[Start of section]

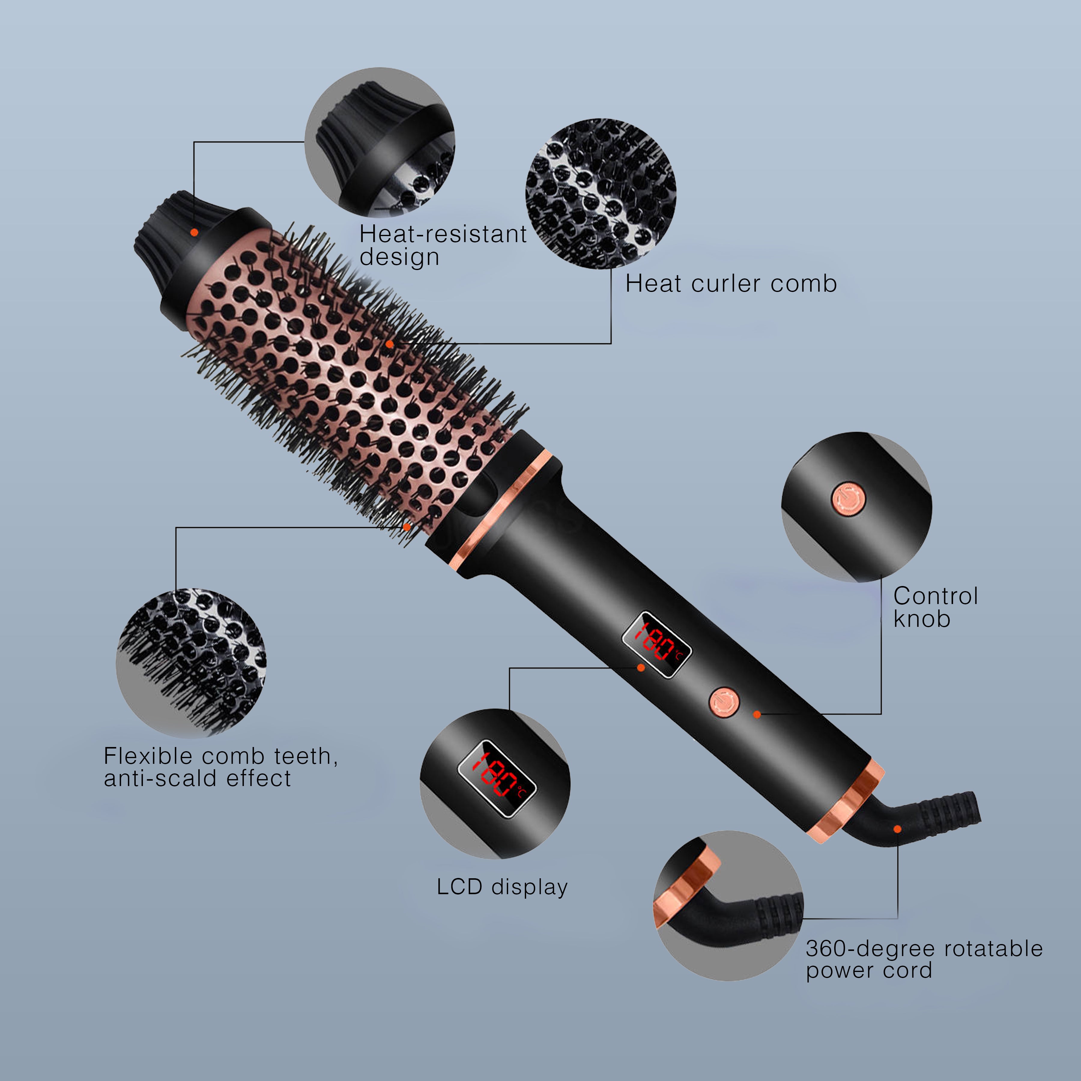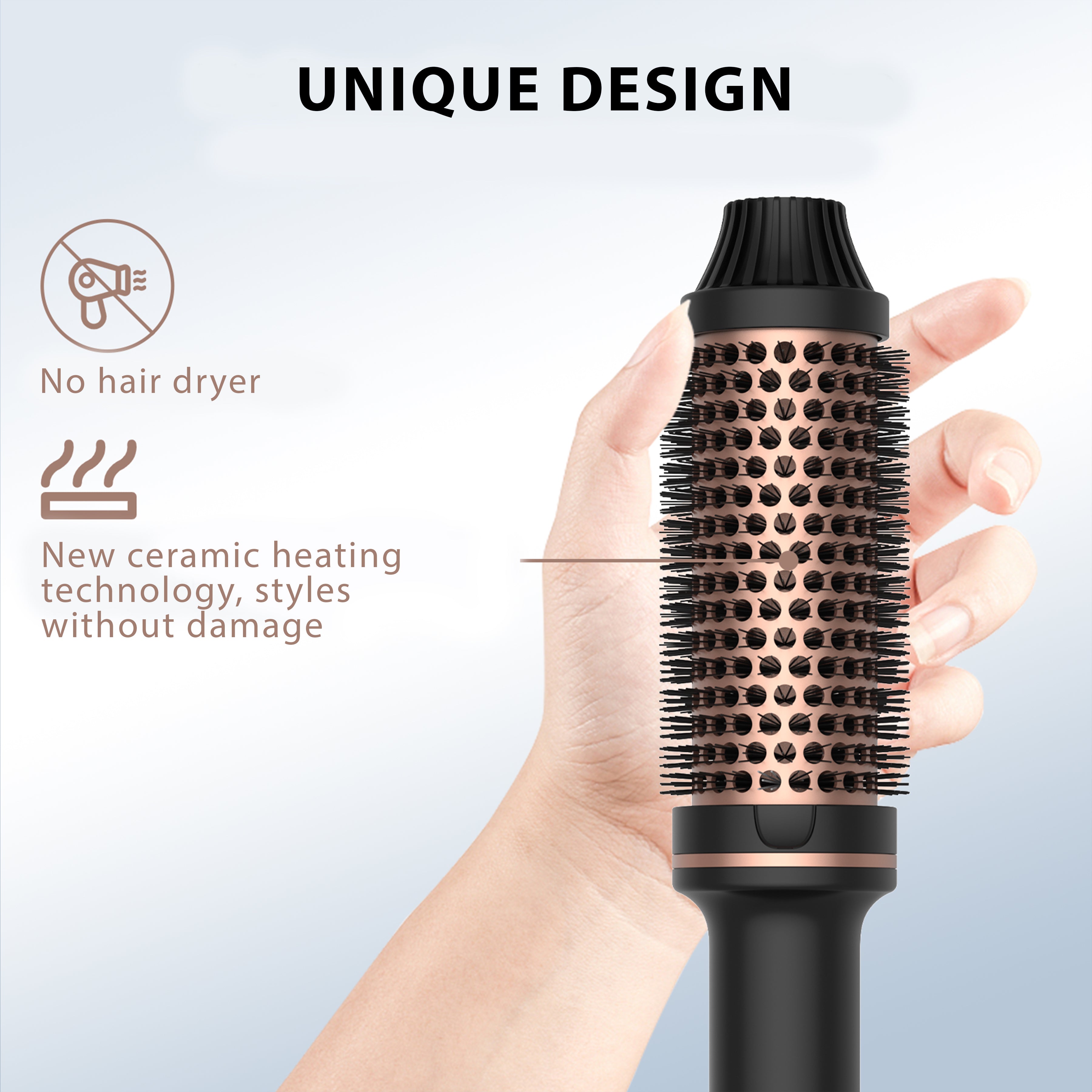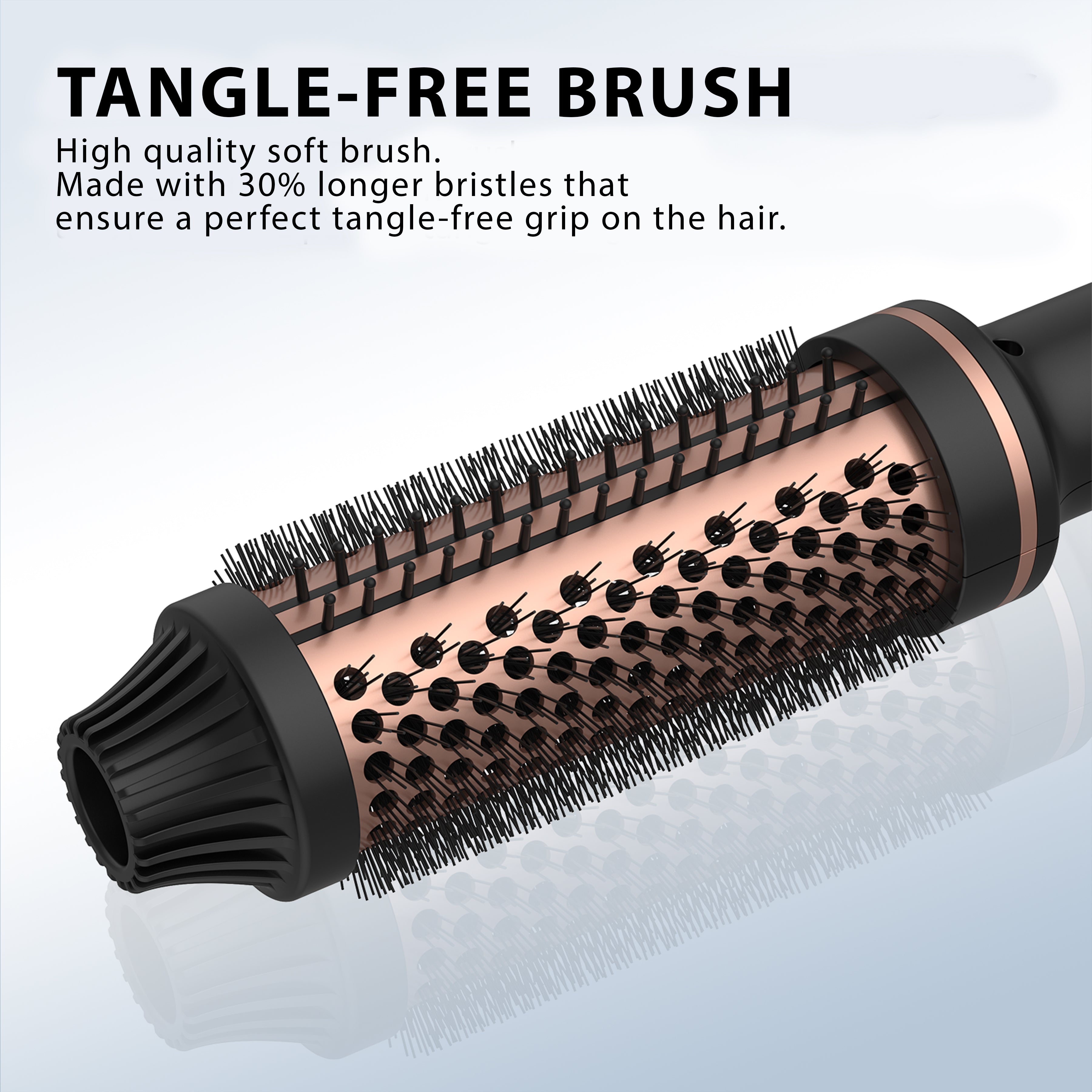 The brush is equipped with an advanced ceramic coating that not only has an elegant appearance, but also offers exceptional durability. This coating has an increased hardness, making it more resistant to wear and damage during use. Thanks to its excellent heat conductivity, the ceramic coating ensures even heat distribution, which contributes to more effective and even hair styling.
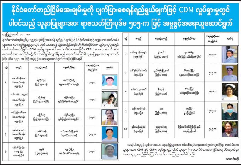 လုံခြုံရေးတပ်ဖွဲ့ဝင်များ အနေဖြင့် တည်ငြိမ်အေးချမ်းရေးနှင့် တရားဥပဒေ စိုးမိုးရေး လုပ်ငန်း များကို အရှိန်အဟုန် မြှင့် ဆောင်ရွက်လျက်ရှိရာ လူမှုကွန်ရက် စာမျက်နှာပေါ်၌ တပ်မတော်အား တိုက်ခိုက်စော်ကားသည့် စာများ ရေးသားသူများဖြစ်ကြသည့် မဝင်း စုလှိုင် (ဘ) ဦးတင်အောင်ဝင်းနှင့် ညီမ ဖြစ်သူမမေဇွန်ကို (ဘ) ဦးတင်အောင်ဝင်းတို့ နှစ်ဦးကို မေ ၁ ရက်တွင် ဖမ်းဆီး ထိန်းသိမ်းပြီး စစ်ဆေးမှုများဆောင်ရွက် ခဲ့သည်။
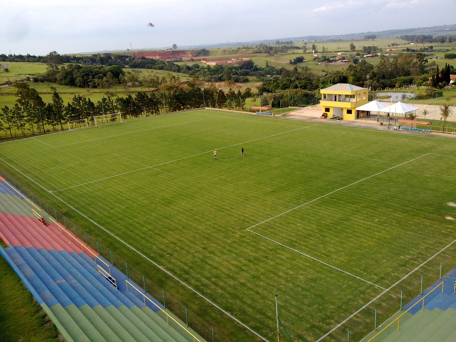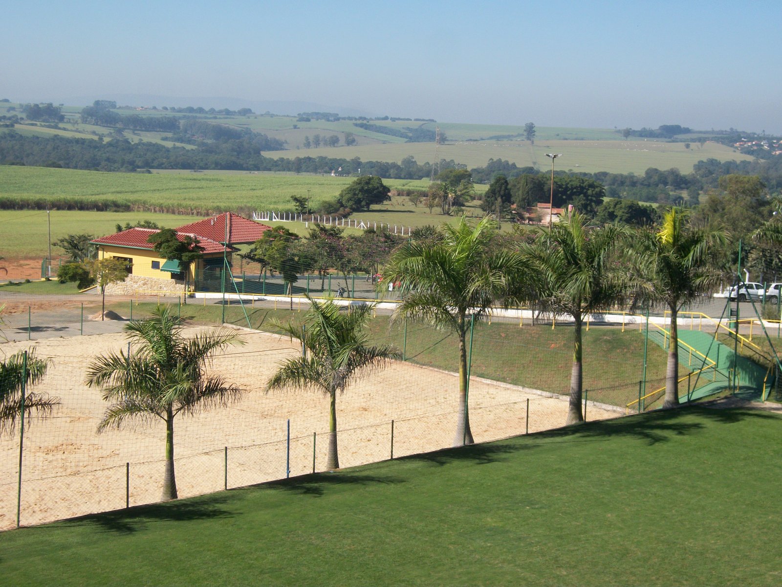 Diversas quadras e campos para prática de esportes.

[End of section]

> _Task brief_:
A verbatim copy of the listing, with all pictures removed, is required.

> _Response for this exercise_:
 The brush is equipped with an advanced ceramic coating that not only has an elegant appearance, but also offers exceptional durability. This coating has an increased hardness, making it more resistant to wear and damage during use. Thanks to its excellent heat conductivity, the ceramic coating ensures even heat distribution, which contributes to more effective and even hair styling.
 လုံခြုံရေးတပ်ဖွဲ့ဝင်များ အနေဖြင့် တည်ငြိမ်အေးချမ်းရေးနှင့် တရားဥပဒေ စိုးမိုးရေး လုပ်ငန်း များကို အရှိန်အဟုန် မြှင့် ဆောင်ရွက်လျက်ရှိရာ လူမှုကွန်ရက် စာမျက်နှာပေါ်၌ တပ်မတော်အား တိုက်ခိုက်စော်ကားသည့် စာများ ရေးသားသူများဖြစ်ကြသည့် မဝင်း စုလှိုင် (ဘ) ဦးတင်အောင်ဝင်းနှင့် ညီမ ဖြစ်သူမမေဇွန်ကို (ဘ) ဦးတင်အောင်ဝင်းတို့ နှစ်ဦးကို မေ ၁ ရက်တွင် ဖမ်းဆီး ထိန်းသိမ်းပြီး စစ်ဆေးမှုများဆောင်ရွက် ခဲ့သည်။
 Diversas quadras e campos para prática de esportes.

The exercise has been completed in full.